── Data shown ──
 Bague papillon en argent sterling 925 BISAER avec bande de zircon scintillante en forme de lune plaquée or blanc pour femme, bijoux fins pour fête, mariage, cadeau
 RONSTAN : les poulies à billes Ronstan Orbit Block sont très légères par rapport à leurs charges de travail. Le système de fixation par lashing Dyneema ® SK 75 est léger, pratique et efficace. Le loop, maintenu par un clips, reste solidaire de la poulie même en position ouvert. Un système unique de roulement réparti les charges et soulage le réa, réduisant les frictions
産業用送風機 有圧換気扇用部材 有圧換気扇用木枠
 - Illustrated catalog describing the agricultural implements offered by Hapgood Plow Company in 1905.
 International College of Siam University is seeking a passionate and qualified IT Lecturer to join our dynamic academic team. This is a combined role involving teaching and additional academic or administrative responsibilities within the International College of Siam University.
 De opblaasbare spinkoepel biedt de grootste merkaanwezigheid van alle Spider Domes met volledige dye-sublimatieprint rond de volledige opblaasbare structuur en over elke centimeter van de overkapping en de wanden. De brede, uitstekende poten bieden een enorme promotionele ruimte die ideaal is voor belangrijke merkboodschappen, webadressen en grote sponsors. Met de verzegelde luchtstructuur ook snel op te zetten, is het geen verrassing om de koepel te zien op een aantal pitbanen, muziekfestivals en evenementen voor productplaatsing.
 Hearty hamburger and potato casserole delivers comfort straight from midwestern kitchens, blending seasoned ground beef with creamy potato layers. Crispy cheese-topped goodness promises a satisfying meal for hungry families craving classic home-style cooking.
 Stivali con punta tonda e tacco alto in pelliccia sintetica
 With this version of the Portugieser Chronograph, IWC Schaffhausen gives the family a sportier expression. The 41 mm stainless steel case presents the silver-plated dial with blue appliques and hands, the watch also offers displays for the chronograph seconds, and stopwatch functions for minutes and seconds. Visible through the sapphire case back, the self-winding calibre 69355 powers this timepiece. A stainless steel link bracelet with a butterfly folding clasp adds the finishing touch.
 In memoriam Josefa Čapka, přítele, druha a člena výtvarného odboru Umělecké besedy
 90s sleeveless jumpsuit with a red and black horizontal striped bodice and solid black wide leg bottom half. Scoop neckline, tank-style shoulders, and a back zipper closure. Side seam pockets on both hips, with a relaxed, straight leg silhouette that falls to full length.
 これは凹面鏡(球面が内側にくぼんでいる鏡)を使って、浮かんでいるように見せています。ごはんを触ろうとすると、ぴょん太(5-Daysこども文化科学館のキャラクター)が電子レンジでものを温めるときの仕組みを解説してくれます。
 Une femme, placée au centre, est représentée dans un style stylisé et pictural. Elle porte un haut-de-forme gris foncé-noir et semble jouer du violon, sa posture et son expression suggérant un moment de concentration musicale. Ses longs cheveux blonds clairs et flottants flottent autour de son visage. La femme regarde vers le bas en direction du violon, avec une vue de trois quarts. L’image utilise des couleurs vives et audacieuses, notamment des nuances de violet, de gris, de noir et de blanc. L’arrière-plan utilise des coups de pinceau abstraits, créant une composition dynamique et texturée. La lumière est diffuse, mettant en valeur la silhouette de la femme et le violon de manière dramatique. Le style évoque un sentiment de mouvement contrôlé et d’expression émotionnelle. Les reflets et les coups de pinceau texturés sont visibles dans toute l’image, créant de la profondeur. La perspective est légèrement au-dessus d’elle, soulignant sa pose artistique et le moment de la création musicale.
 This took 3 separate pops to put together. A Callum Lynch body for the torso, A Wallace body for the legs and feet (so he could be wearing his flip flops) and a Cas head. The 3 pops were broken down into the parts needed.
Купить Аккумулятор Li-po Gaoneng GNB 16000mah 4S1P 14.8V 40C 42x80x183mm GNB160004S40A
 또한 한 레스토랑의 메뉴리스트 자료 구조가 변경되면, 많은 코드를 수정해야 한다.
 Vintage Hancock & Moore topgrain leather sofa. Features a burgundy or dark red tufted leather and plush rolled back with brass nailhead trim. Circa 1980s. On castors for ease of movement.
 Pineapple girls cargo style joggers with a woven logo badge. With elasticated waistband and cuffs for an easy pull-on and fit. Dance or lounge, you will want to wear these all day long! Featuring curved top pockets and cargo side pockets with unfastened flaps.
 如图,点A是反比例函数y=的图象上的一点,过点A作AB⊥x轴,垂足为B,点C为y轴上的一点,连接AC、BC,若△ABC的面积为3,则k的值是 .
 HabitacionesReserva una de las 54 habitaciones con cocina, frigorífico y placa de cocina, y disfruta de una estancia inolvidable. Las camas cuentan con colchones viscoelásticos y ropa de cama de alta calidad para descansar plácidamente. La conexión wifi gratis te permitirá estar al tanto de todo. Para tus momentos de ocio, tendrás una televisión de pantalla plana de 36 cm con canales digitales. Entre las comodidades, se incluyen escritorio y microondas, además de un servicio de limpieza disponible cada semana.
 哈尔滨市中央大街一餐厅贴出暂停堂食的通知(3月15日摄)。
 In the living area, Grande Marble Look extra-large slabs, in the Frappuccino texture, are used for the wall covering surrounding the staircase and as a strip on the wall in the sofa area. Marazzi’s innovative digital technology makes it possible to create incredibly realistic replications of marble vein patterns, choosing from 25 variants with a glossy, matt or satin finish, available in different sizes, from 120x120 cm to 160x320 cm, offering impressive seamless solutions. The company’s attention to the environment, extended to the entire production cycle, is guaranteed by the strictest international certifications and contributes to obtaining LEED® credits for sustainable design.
───
**Exercise details**
The answer must be an exact copy of every record above.

**Response**
 Bague papillon en argent sterling 925 BISAER avec bande de zircon scintillante en forme de lune plaquée or blanc pour femme, bijoux fins pour fête, mariage, cadeau
 RONSTAN : les poulies à billes Ronstan Orbit Block sont très légères par rapport à leurs charges de travail. Le système de fixation par lashing Dyneema ® SK 75 est léger, pratique et efficace. Le loop, maintenu par un clips, reste solidaire de la poulie même en position ouvert. Un système unique de roulement réparti les charges et soulage le réa, réduisant les frictions
産業用送風機 有圧換気扇用部材 有圧換気扇用木枠
 - Illustrated catalog describing the agricultural implements offered by Hapgood Plow Company in 1905.
 International College of Siam University is seeking a passionate and qualified IT Lecturer to join our dynamic academic team. This is a combined role involving teaching and additional academic or administrative responsibilities within the International College of Siam University.
 De opblaasbare spinkoepel biedt de grootste merkaanwezigheid van alle Spider Domes met volledige dye-sublimatieprint rond de volledige opblaasbare structuur en over elke centimeter van de overkapping en de wanden. De brede, uitstekende poten bieden een enorme promotionele ruimte die ideaal is voor belangrijke merkboodschappen, webadressen en grote sponsors. Met de verzegelde luchtstructuur ook snel op te zetten, is het geen verrassing om de koepel te zien op een aantal pitbanen, muziekfestivals en evenementen voor productplaatsing.
 Hearty hamburger and potato casserole delivers comfort straight from midwestern kitchens, blending seasoned ground beef with creamy potato layers. Crispy cheese-topped goodness promises a satisfying meal for hungry families craving classic home-style cooking.
 Stivali con punta tonda e tacco alto in pelliccia sintetica
 With this version of the Portugieser Chronograph, IWC Schaffhausen gives the family a sportier expression. The 41 mm stainless steel case presents the silver-plated dial with blue appliques and hands, the watch also offers displays for the chronograph seconds, and stopwatch functions for minutes and seconds. Visible through the sapphire case back, the self-winding calibre 69355 powers this timepiece. A stainless steel link bracelet with a butterfly folding clasp adds the finishing touch.
 In memoriam Josefa Čapka, přítele, druha a člena výtvarného odboru Umělecké besedy
 90s sleeveless jumpsuit with a red and black horizontal striped bodice and solid black wide leg bottom half. Scoop neckline, tank-style shoulders, and a back zipper closure. Side seam pockets on both hips, with a relaxed, straight leg silhouette that falls to full length.
 これは凹面鏡(球面が内側にくぼんでいる鏡)を使って、浮かんでいるように見せています。ごはんを触ろうとすると、ぴょん太(5-Daysこども文化科学館のキャラクター)が電子レンジでものを温めるときの仕組みを解説してくれます。
 Une femme, placée au centre, est représentée dans un style stylisé et pictural. Elle porte un haut-de-forme gris foncé-noir et semble jouer du violon, sa posture et son expression suggérant un moment de concentration musicale. Ses longs cheveux blonds clairs et flottants flottent autour de son visage. La femme regarde vers le bas en direction du violon, avec une vue de trois quarts. L’image utilise des couleurs vives et audacieuses, notamment des nuances de violet, de gris, de noir et de blanc. L’arrière-plan utilise des coups de pinceau abstraits, créant une composition dynamique et texturée. La lumière est diffuse, mettant en valeur la silhouette de la femme et le violon de manière dramatique. Le style évoque un sentiment de mouvement contrôlé et d’expression émotionnelle. Les reflets et les coups de pinceau texturés sont visibles dans toute l’image, créant de la profondeur. La perspective est légèrement au-dessus d’elle, soulignant sa pose artistique et le moment de la création musicale.
 This took 3 separate pops to put together. A Callum Lynch body for the torso, A Wallace body for the legs and feet (so he could be wearing his flip flops) and a Cas head. The 3 pops were broken down into the parts needed.
Купить Аккумулятор Li-po Gaoneng GNB 16000mah 4S1P 14.8V 40C 42x80x183mm GNB160004S40A
 또한 한 레스토랑의 메뉴리스트 자료 구조가 변경되면, 많은 코드를 수정해야 한다.
 Vintage Hancock & Moore topgrain leather sofa. Features a burgundy or dark red tufted leather and plush rolled back with brass nailhead trim. Circa 1980s. On castors for ease of movement.
 Pineapple girls cargo style joggers with a woven logo badge. With elasticated waistband and cuffs for an easy pull-on and fit. Dance or lounge, you will want to wear these all day long! Featuring curved top pockets and cargo side pockets with unfastened flaps.
 如图,点A是反比例函数y=的图象上的一点,过点A作AB⊥x轴,垂足为B,点C为y轴上的一点,连接AC、BC,若△ABC的面积为3,则k的值是 .
 HabitacionesReserva una de las 54 habitaciones con cocina, frigorífico y placa de cocina, y disfruta de una estancia inolvidable. Las camas cuentan con colchones viscoelásticos y ropa de cama de alta calidad para descansar plácidamente. La conexión wifi gratis te permitirá estar al tanto de todo. Para tus momentos de ocio, tendrás una televisión de pantalla plana de 36 cm con canales digitales. Entre las comodidades, se incluyen escritorio y microondas, además de un servicio de limpieza disponible cada semana.
 哈尔滨市中央大街一餐厅贴出暂停堂食的通知(3月15日摄)。
 In the living area, Grande Marble Look extra-large slabs, in the Frappuccino texture, are used for the wall covering surrounding the staircase and as a strip on the wall in the sofa area. Marazzi’s innovative digital technology makes it possible to create incredibly realistic replications of marble vein patterns, choosing from 25 variants with a glossy, matt or satin finish, available in different sizes, from 120x120 cm to 160x320 cm, offering impressive seamless solutions. The company’s attention to the environment, extended to the entire production cycle, is guaranteed by the strictest international certifications and contributes to obtaining LEED® credits for sustainable design.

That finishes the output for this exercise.